Fresh look at India’s neighbourhood first policy
Fresh look at India’s neighbourhood first policy

On the show, Xavier argued that China’s ambitions in India’s neighborhood have catalysed a more robust Indian policy. “The rise of China in the neighbourhood, post Belt-and-Road Initiative in 2014, has propelled India to watch much more carefully and compete with China in its own neighborhood,” Xavier explained. “So, China now being the largest trading partner of many of India’s neighbouring countries, China being the predominant investor in infrastructure in Sri Lankan ports, in Bangladeshi roads and bridges, and Nepali airports is making India look up and try to rethink how it is operating. As always, competition is the best source of progress and innovation, and we see much more of that happening in recent years.”

Xavier observed that the view in India on China is at odds with how the rest of the region views the Asian power. “In India, aligned with the divergence in India-China relations—which culminated in the Galwan crisis in 2020 and the military skirmish there—you see China portrayed as an existential threat for India, as a massive adversary…China is seen as a threat across government, across civil society, in most quarters,” Xavier argued. “In all other countries [in the neighbourhood], except India, China is seen as a benign, positive actor that is, for the first time, delivering on what other countries were not able to deliver or not willing. So, you have this total dissonance in terms of how you look at China.”

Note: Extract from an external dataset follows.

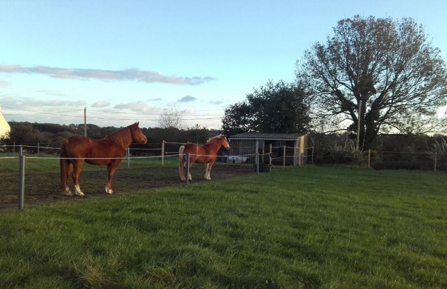 Maintenant, l'hiver, elles sont à côté de la maison dans un paddock stabilisé d'environ 80m carré avec à disposition deux abris sur 42m carrés. Avec un minimum de trois sorties /semaines dans un paddock d'herbe, sans boue, environ 2h/sortie, leur laissant la possibilité de galoper, trotter, se rouler et bien entendu manger de l'herbe !

Nowhere is this competition more acute than that in the Bay of Bengal region, the scholar posited. “If you’re serious about connecting the Indian Ocean region with the Pacific Ocean, if you are seeking stronger trade and security linkages between both these spaces, South and Southeast Asia have to come together,” said Xavier. “And that’s exactly where the biggest gap is because of these past fifty years of fragmentation.”

Xavier noted that back in 2011 then U.S. Secretary of State Hilary Clinton gave a very prescient speech in Chennai in which she talks about the Bay of Bengal as the future growth engine of Asia, as an area that has been stagnating, that has been neglected, and that has to be the focus of attention of India, of the U.S., of Japan, and of other Indo-Pacific partners.

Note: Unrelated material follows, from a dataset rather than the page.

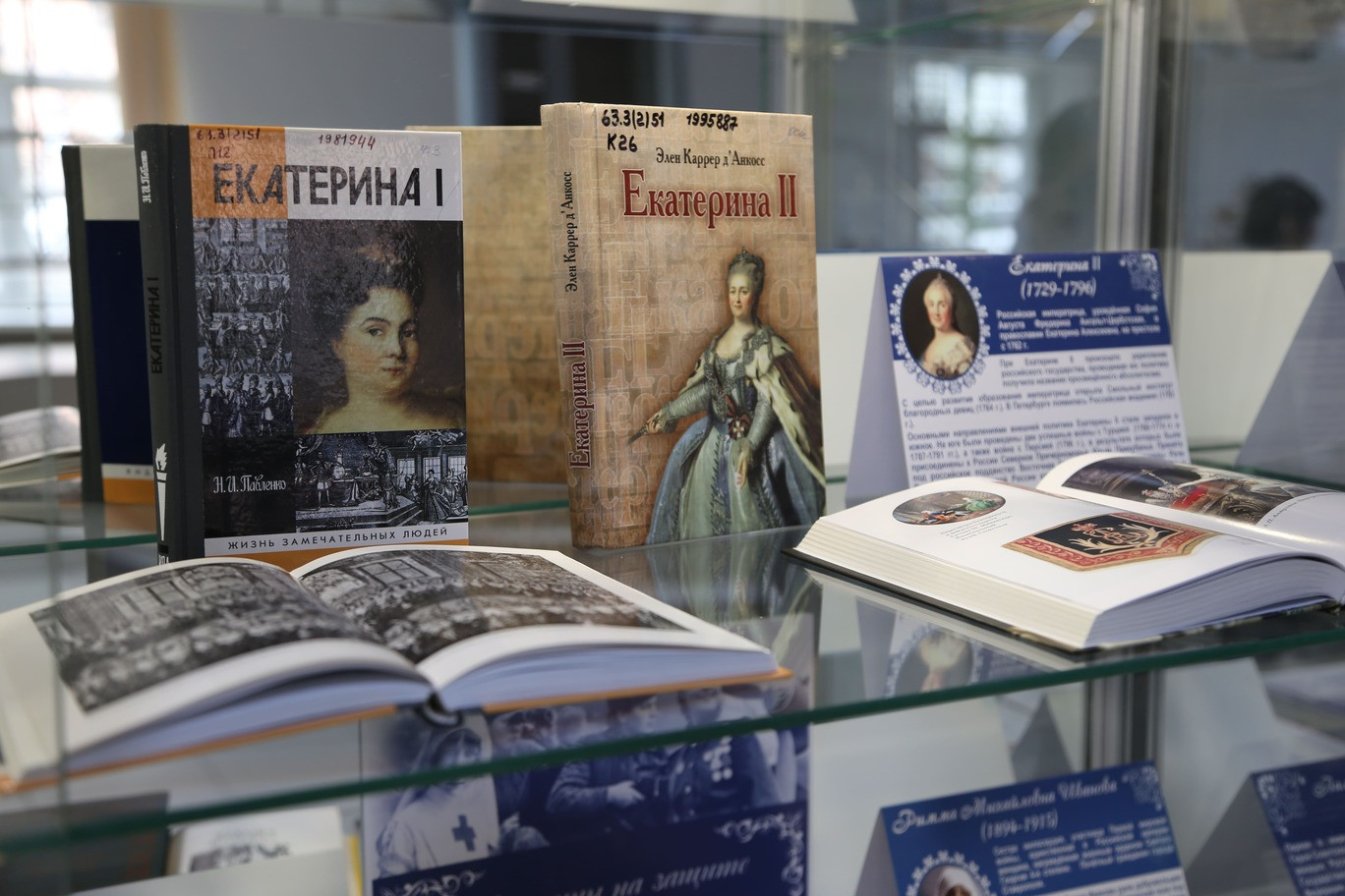 в разделе «Женщины в истории России» расположились книги о правлении Екатерины II; раздел «Женщины в науке» посвящен женщинам-ученым, которые изменили мир открытиями. Здесь гости выставки увидят книги о Марии Склодовской-Кюри, Софьи Ковалевской, Наталье Бехтеревой и других; в разделе «Женщины на защите Отечества» расположились книги о женщинах, которые отправлялись на войну наравне с мужчинами.Здесь для гостей экспозиции представлены автобиографическая книга Надежды Дуровой «Записки кавалерист-девицы», работа Н. Д. Судавцова «Римма Иванова – героиня Первой мировой войны», издание М. Расковой «Записки штурмана» и другие произведения.

But what is happening, today, is a paradox. “Everyone has a geopolitical-security-economic interest in trying to reconnect the Bay of Bengal and South and Southeast Asia,” said Xavier, noting that this is taking place in a global, fractious system where China and the U.S. are competing, and India is pivoting toward the U.S. but also has its own interests. “Everyone is trying to race toward building connectivity and burdening many of these states that frankly had hardly any foreign policy toward economic integration in this region.”